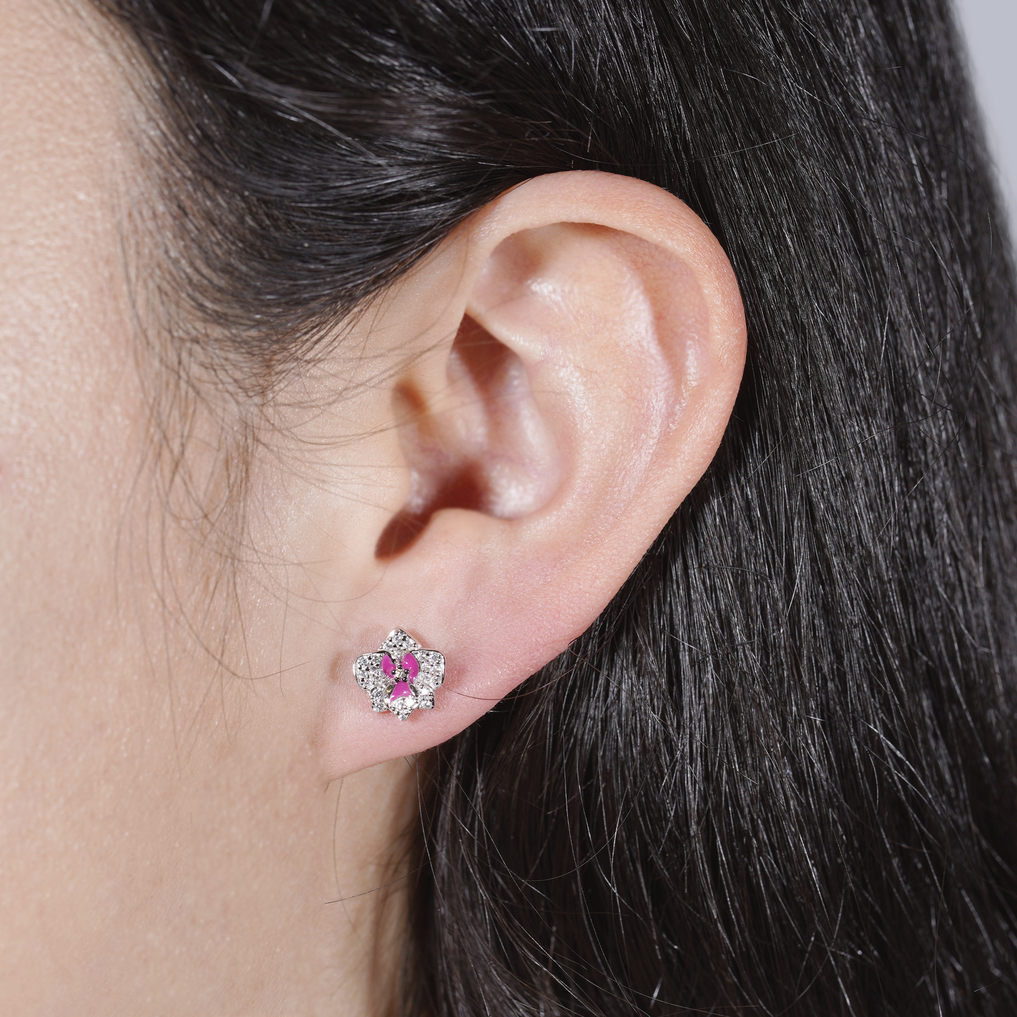 Die Cynthia Orchideen Ohrringe sind die perfekte Ergänzung zum zugehörigen Anhänger und spiegeln die Anmut der Orchideenblüte wider. Die pink und rosa Emaille zaubern blühende Orchideen, die die zarte Schönheit der Natur einfangen. Diese Ohrstecker sind wie kleine Kunstwerke, die Ihre Ohren schmücken. Ihre subtile Größe und ihr elegantes Design machen sie zu einem vielseitigen Schmuckstück für jeden Tag. Diese Ohrringe sind nicht nur ein Accessoire, sondern ein Statement Ihrer Bewunderung für die Naturschönheit. Tragen Sie die Cynthia Orchideen Ohrringe und bringen Sie die zauberhafte Welt der Blumen in Ihre Alltagsgarderobe. Unsere Kunden bestätigen, dass diese Ohrringe eine Verbindung zur Naturschönheit schaffen und gleichzeitig subtile Eleganz ausstrahlen. Sie sind der perfekte Begleiter für besondere Anlässe und den Alltag gleichermaßen. Kombinieren Sie sie mit dem zugehörigen Anhänger, um ein vollständiges Set der Orchideenpracht zu erleben.
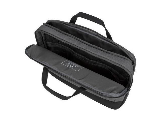 Tillverkad av återvinningsbart material inifrån och ut. Väskan har två huvudfack, en bekväm lättåtkomlig ficka och en strategiskt placerad arbetsstation som gör det lätt att skydda din bärbara dator och transportera dina prylar. Väskan har dessutom tre bärlägen så att du antingen kan bära den i bärhandtagen, få händerna fria med axelremmen eller använda dragremmen för att fästa den på din rullväska.
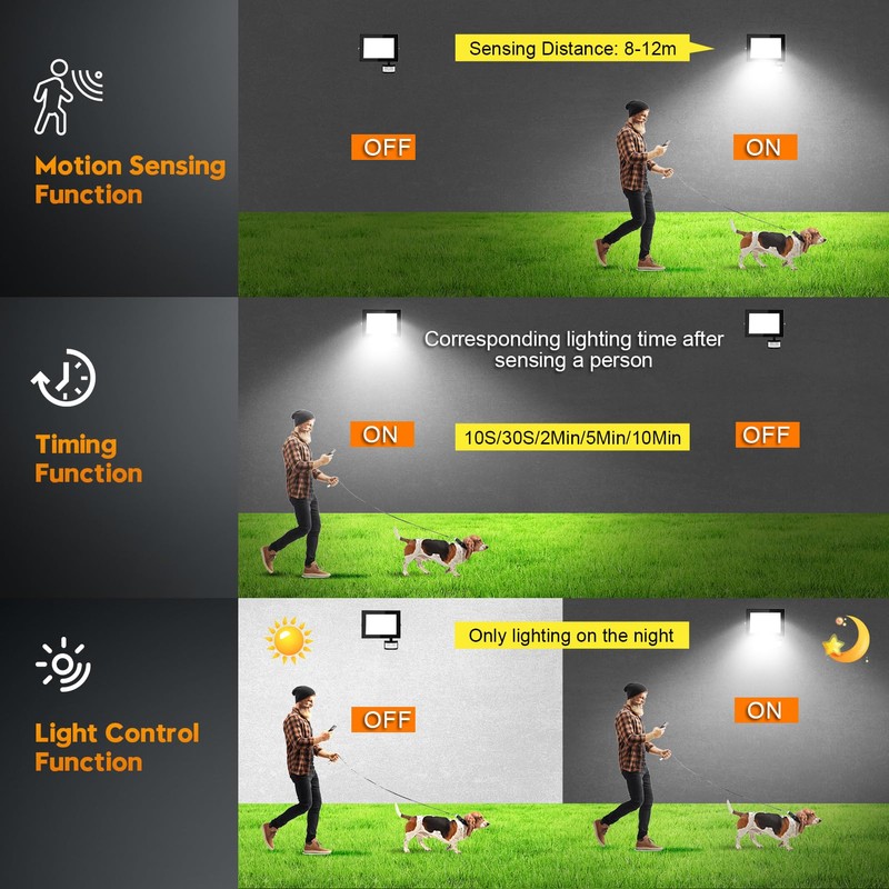 - Motion sensor: you can put the floodlight into motion detection mode by remote control. When motion is detected nearby, the light will automatically turn on and then off automatically.
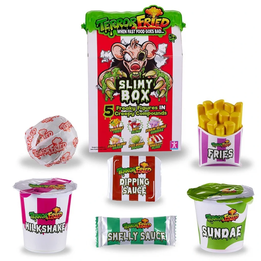 Her TerrorFried yemeği, bu yeni koleksiyonla oynarken köpürtebileceğiniz, ezebileceğiniz, çatlatabileceğiniz veya sızabileceğiniz ürkütücü bir duyusal bileşik içerir.
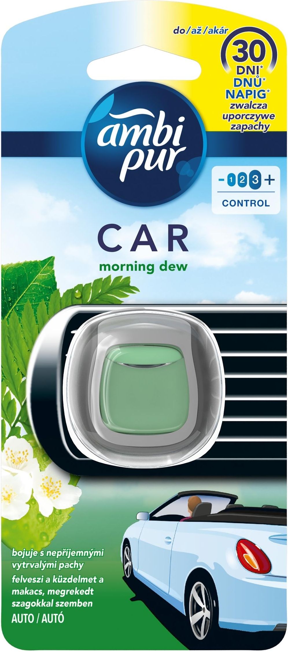 Samochodowy odświeżacz powietrza Ambi Pur Car z technologią OdourClear nieustannie oczyszcza powietrze z uporczywych, brzydkich zapachów i pozostawia delikatną, świeżą woń aż do 30 dni. Zapach Morning Dew jest inspirowany świeżością spaceru o poranku. W przeciwieństwie do większości samochodowych odświeżaczy powietrza, które tylko maskują brzydkie zapachy, Ambi Pur Car w pełni oczyszcza powietrze, pozostawiając jedynie piękną i świeżą woń. To mały, dyskretny odświeżacz powietrza, który z łatwością można zamontować na kratce wentylacyjnej samochodu. Dzięki nowej, wyjątkowej technologii OdourClear oczyszcza powietrze nawet z najbardziej uporczywych, brzydkich zapachów - na przykład po jedzeniu, zwierzętach, dymie papierosowym lub śmieciach - i odświeża wnętrze auta. Intensywność zapachu można regulować, ustawiając preferowaną wartość na bocznej tarczy. Samochodowy odświeżacz powietrza Ambi Pur Car jest łatwy w użyciu i nie wymaga baterii ani energii elektrycznej. Wystarcza nawet na 30 dni, dlatego Ty i Twoi goście możecie odetchnąć pełną piersią. Sięgnij po pełną gamę nowych produktów Ambi Pur z wyjątkową technologią OdourClear, takich jak odświeżacze do tkanin (usuwające brzydkie zapachy z siedzeń samochodu) lub odświeżacze powietrza do małych pomieszczeń w domu. Wypróbuj także odświeżacze powietrza 3volution, które usuwają brzydkie zapachy nieprzerwanie przez 90 dni. Ambi Pur Car Morning Dew Samochodowy odświeżacz powietrza, klips, 1 sztuka
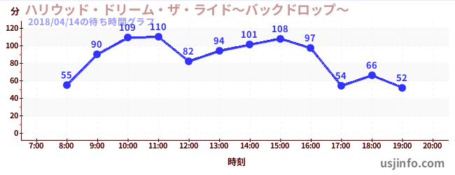 • ハリウッド・ドリーム・ザ・ライド〜バックドロップ〜$B$N(B2018年04月14日の待ち時間
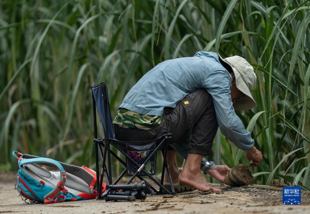 8月5日,李文欽從樹林中出來後,清理沾在鞋上的泥巴。
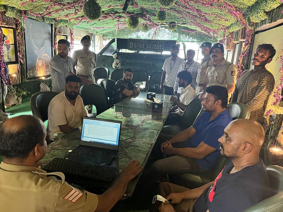 ಪಾರ್ಟಿ ಮಾಡಿದ್ದ ಸ್ಥಳದಲ್ಲಿಯೇ ಆರೋಪಿಗಳನ್ನು ಕೂರಿಸಿ ಪೊಲೀಸ್ ಅಧಿಕಾರಿಯೊಬ್ಬರು ಲ್ಯಾಪ್ಟಾಪ್ನಲ್ಲಿ ಎಲ್ಲ ಮಾಹಿತಿಯನ್ನು ದಾಖಲಿಸಿಕೊಂಡಿದ್ದರು. ದರ್ಶನ್ ಮತ್ತು ಸ್ನೇಹಿತರು ಮೌನವಾಗಿ ಕುಳಿತಿರುವುದು, ಚಿಕ್ಕಣ್ಣ ಹಾಗೂ ವಿನಯ್ ಆತಂಕದಲ್ಲಿರುವುದು ಸ್ಥಳ ಮಹಜರಿನ ಫೋಟೊದಲ್ಲಿ ಕಾಣಿಸುತ್ತದೆ. ಇತರೆ ಕೆಲವು ಪೊಲೀಸ್ ಸಿಬ್ಬಂದಿ ಸಹ ಚಿತ್ರದಲ್ಲಿದ್ದಾರೆ.
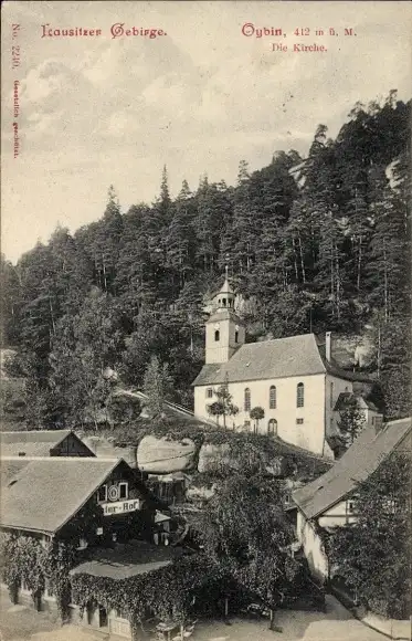 Ak Oybin in der Oberlausitz, Kirche, Wald, Gasthof
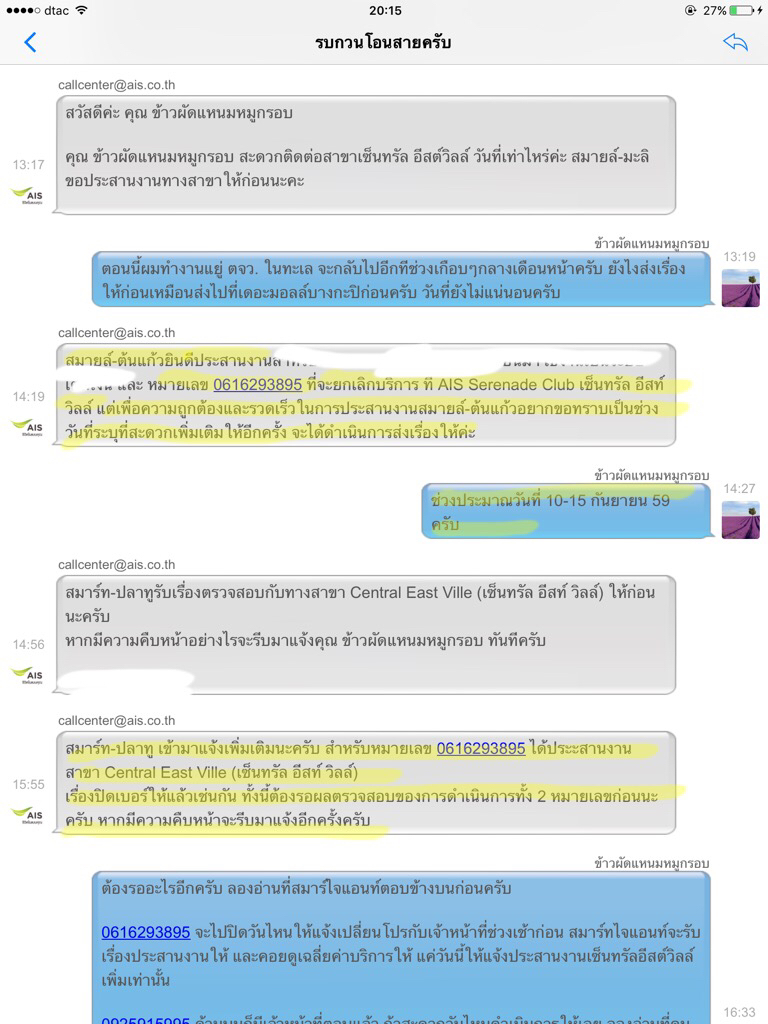 ais ประสานงานได้ชุ่ยมาก ขอร้องเรียน และทราบผลเร็วที่สุด
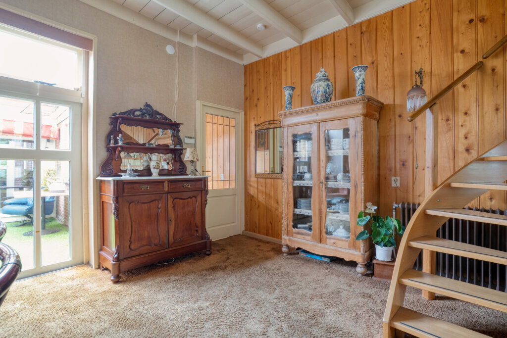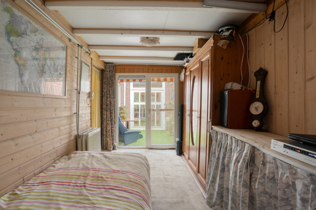 Daarnaast is er op de begane grond ook een slaapkamer gecreëerd met openslaande deuren naar de binnenplaats. Vanuit deze slaapkamer bereik je de berging waar ook de wasmachine staat. Vanuit hier heb je toegang tot de garage, die ook via een achterom aan de Groenestraat bereikbaar is.
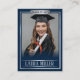 Célébrez votre diplômé en style avec cette élégante carte de trading bleu et argent! Entièrement modifiable, cette conservation est dotée d’un design sophistiqué, d’un texte personnalisable et d’un emplacement pour la photo du diplômé. Parfait pour les annonces, les faveurs de fête ou les cadeaux de fin d'études uniques, cette carte design fait de votre diplômé la star du moment !
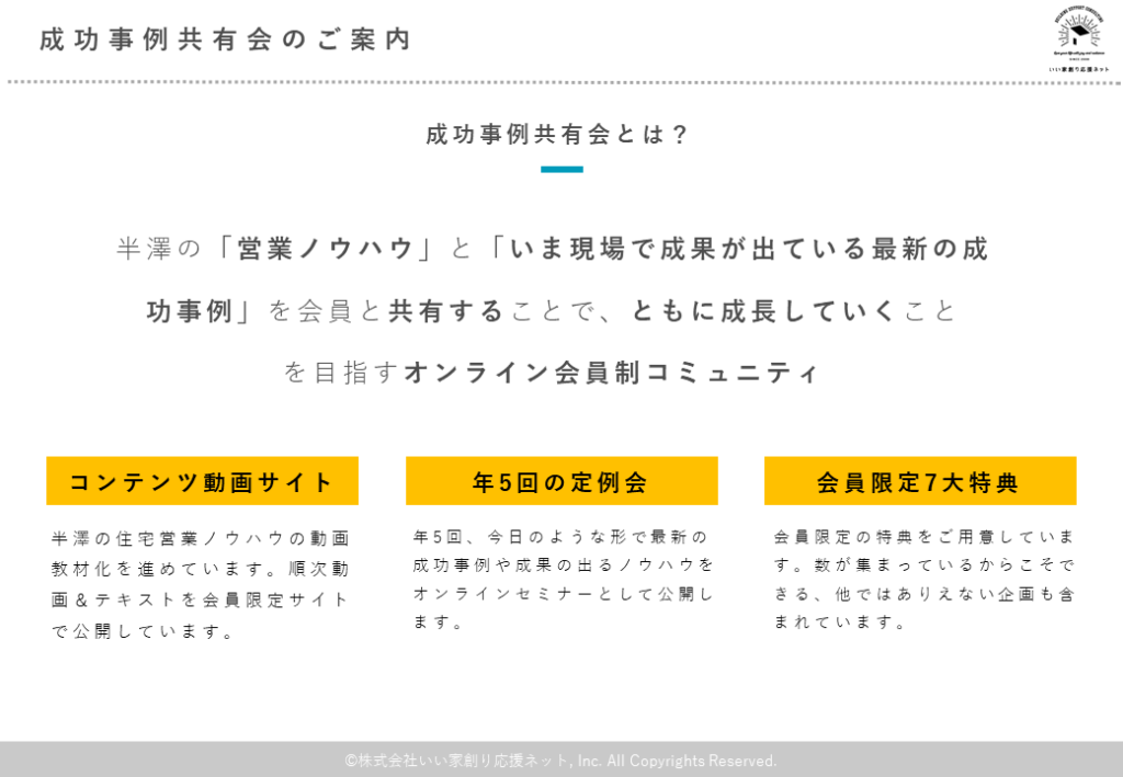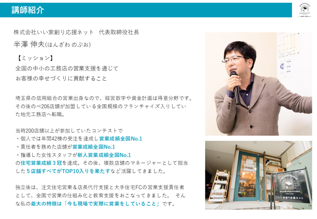 全国206店舗の中で「個人」「店舗」「(未経験の女性)新人部下育成」の営業3部門で全国No.1を達成した経験とノウハウをもとに、今も全国の工務店で営業代行として現場で直接お客様を営業しながらコンサルティングも行っている半澤の最新の住宅営業ノウハウが手に入る、会員制動画教材プラットフォームが成功事例共有会です。

■ **EXERCISE GOAL**: In the listing above, find the line with "Tillverkad av återvinningsbart" and the line with "Samochodowy odświeżacz powietrza Ambi Pur Car z". Copy exactly those two and every line between, without the pictures.

■ **YOUR RESPONSE**:
 Tillverkad av återvinningsbart material inifrån och ut. Väskan har två huvudfack, en bekväm lättåtkomlig ficka och en strategiskt placerad arbetsstation som gör det lätt att skydda din bärbara dator och transportera dina prylar. Väskan har dessutom tre bärlägen så att du antingen kan bära den i bärhandtagen, få händerna fria med axelremmen eller använda dragremmen för att fästa den på din rullväska.
 - Motion sensor: you can put the floodlight into motion detection mode by remote control. When motion is detected nearby, the light will automatically turn on and then off automatically.
 Her TerrorFried yemeği, bu yeni koleksiyonla oynarken köpürtebileceğiniz, ezebileceğiniz, çatlatabileceğiniz veya sızabileceğiniz ürkütücü bir duyusal bileşik içerir.
 Samochodowy odświeżacz powietrza Ambi Pur Car z technologią OdourClear nieustannie oczyszcza powietrze z uporczywych, brzydkich zapachów i pozostawia delikatną, świeżą woń aż do 30 dni. Zapach Morning Dew jest inspirowany świeżością spaceru o poranku. W przeciwieństwie do większości samochodowych odświeżaczy powietrza, które tylko maskują brzydkie zapachy, Ambi Pur Car w pełni oczyszcza powietrze, pozostawiając jedynie piękną i świeżą woń. To mały, dyskretny odświeżacz powietrza, który z łatwością można zamontować na kratce wentylacyjnej samochodu. Dzięki nowej, wyjątkowej technologii OdourClear oczyszcza powietrze nawet z najbardziej uporczywych, brzydkich zapachów - na przykład po jedzeniu, zwierzętach, dymie papierosowym lub śmieciach - i odświeża wnętrze auta. Intensywność zapachu można regulować, ustawiając preferowaną wartość na bocznej tarczy. Samochodowy odświeżacz powietrza Ambi Pur Car jest łatwy w użyciu i nie wymaga baterii ani energii elektrycznej. Wystarcza nawet na 30 dni, dlatego Ty i Twoi goście możecie odetchnąć pełną piersią. Sięgnij po pełną gamę nowych produktów Ambi Pur z wyjątkową technologią OdourClear, takich jak odświeżacze do tkanin (usuwające brzydkie zapachy z siedzeń samochodu) lub odświeżacze powietrza do małych pomieszczeń w domu. Wypróbuj także odświeżacze powietrza 3volution, które usuwają brzydkie zapachy nieprzerwanie przez 90 dni. Ambi Pur Car Morning Dew Samochodowy odświeżacz powietrza, klips, 1 sztuka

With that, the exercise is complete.